Pos,
I was thinking that because of the lower resistance of the newer components, more current would be available to use at higher RPMs. I suspect there would be at least a 10% improvement in usable wattage.
sorry, I should have made myself clearer as to what I had intended.
Dale

Thanks for your support, Pos.

The vast majority of my customers are people without soldering or wiring skills who just want their bike fixed. Many don't want to wait for an auction to end and then wait longer for a RR to show up they then have to modify themselves. Add to that the heatshrink, connectors, wire, etc and by the time they are done they spent almost 40 dollars already.

I ship same day or next and back up the RRs with a swap out if the rider thinks it doesn't work. I worked with three people last year to help them determine what else was causing problems with their bike by sending them a second RR. In each time the Honda was not the problem. Try that with an ebayer.

I'm happy to provide this quick RR service as long as I can still get stock and people want them. Maybe some day all GS bikes will be updated then I can retire.

Do you mean not everyone has a Fluke 97 digital portable O-scope in their garage? I consider it the ultimate tool for electrical.

duaneage

I was referring to this stuff which is avaliable for pretty cheap on ebay now, but I bought it all new back in 1998 for about $4K. I have the Fluke 97 as well. That was about $120 I think.

Scope



Software



Current Clamp

I applaud you for the service you provide Duane, for all the reasons you just stated. People that can't troubleshoot automatically think R/R failure. That's why we get so many of the same questions over and over again. For quite a while I got tired of all the redundant questions. I think I may be getting over that and might start posting more answers in the tech section.

Rusty

Well it might not be obvious, but all things being equal if there is less power drop in the R/R then there is more available to go to the system or to charge the battery. But therein lies the dilemma, you would not have the same load so everything will not be equal.

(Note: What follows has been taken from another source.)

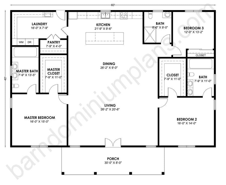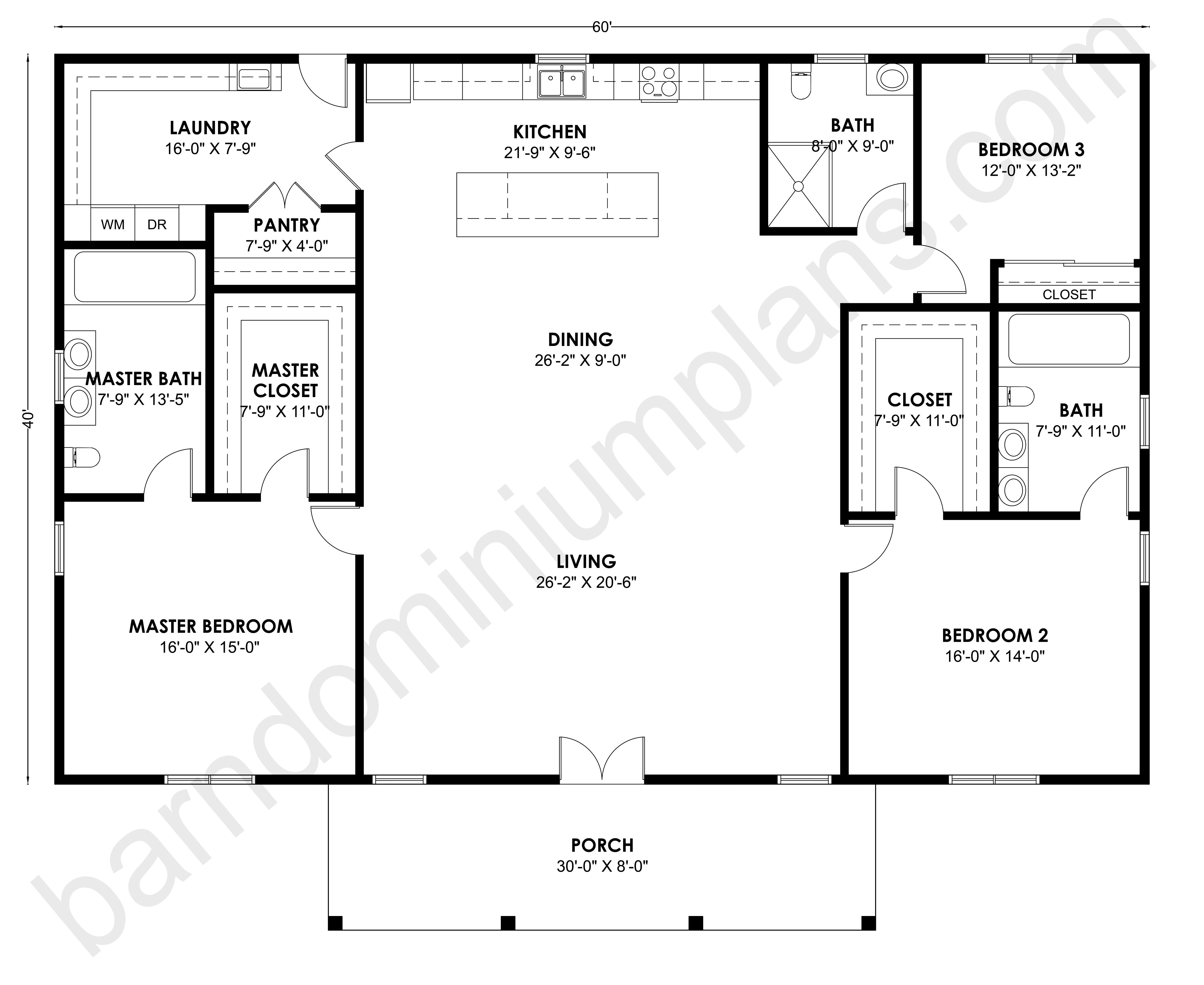 For more barndominium floor plans, check out our complete collection of 3-bedroom barndominium floor plans.

This compounded by the fact the R/R's doesn't worry about controlling power to the load but rather limiting the voltage at the battery. So if functioning properly and in the voltage range (above drop out), the same battery voltages should be attained and so the same current to the loads. But the one with the larger diode drop will still get hotter. This is one of those times you just have to conclude that there is more charging capacity available because you know the voltage drops are smaller.


Speaking of diode drops. I went back and looked at the data to see if I could figure out the waveforms. Basically when the stator voltage is high, the difference between the stator and the battery is the forward biased upper leg of the diode bridge. When the stator voltage swings down you are looking at the negative of the lower leg forward bias voltage.

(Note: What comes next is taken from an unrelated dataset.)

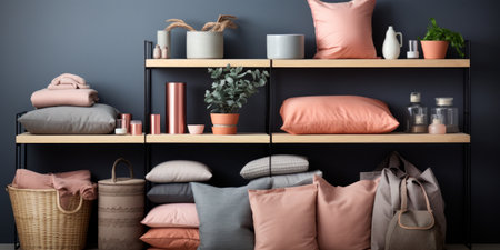 home decor shop, with a variety of pillows and throws available for purchase, created with generative ai

I put the attached table together that shows that there is only about 1 volt drop in the upper leg and essentially none in the lower FET side of the FH012AA R/R.


The Honda is more typically 1.7V in both upper and lower legs. So at least in theory that would account for 3.4V of drop (v.s. 1V) in power dissipation which is three times the FH012AA.

While teh OEM seems to have the same type of diode bridge, why the OEM gets so much hotter than the Honda is a mystery although we suspect a case of 'crappy design". I guess I should measure drops at higher load again.


OK where is that scope again.....


Basically the table proves that we are comparing full wave diode bridge rectifier in the Honda and the OEM R/Rs' and a "low voltage drop upper diode with power MOSFET lower diode" bridge.

Pos

OK to WRAP THIS UP

I got my current amp to work again. Watta you know the 9 volt battery died after just 10 years.

Here is the test setup.



Looking down into the battery compartment; shows the current clamp, and the timing light with RPM readout to control the charging. I moved the current clamp between total current supplied by the RR (about 10-12 Amps) and the battery charging current (smalll current -1 to +2 amps)



The Honda and the OEM regulator modified with fresh crimp connector and soldered to prevent corrosion.




The installed FH0112AA; mounted upside down. I still need to RTV those connectors.

continued.....

Current Plots

Here are some selected shots of the FH012AA only. This graph is at idle with showing the blue AC current coming from one of the stator legs. The Yellow is the voltage relative to ground of the stator leg. You can see here something just under 15V and accounting for 1 volt drop from the diodes the output voltage was about 13.8V.




Here is the same thing (idling) but looking at the total current coming from the R/R. You get about 10Amps, the RR is not regulating and so you only see the harmonics associated with a 3 phase full wave rectifier. The label says 2 ADC but that is wrong. The scale is 5 amps per major division.



The charging current moving from the R/R to the battery is basically the same but can be adjusted up and down (positive and negative) by the idle speed; it is near zero and I could only get it up to 2 amps at 3K RPM.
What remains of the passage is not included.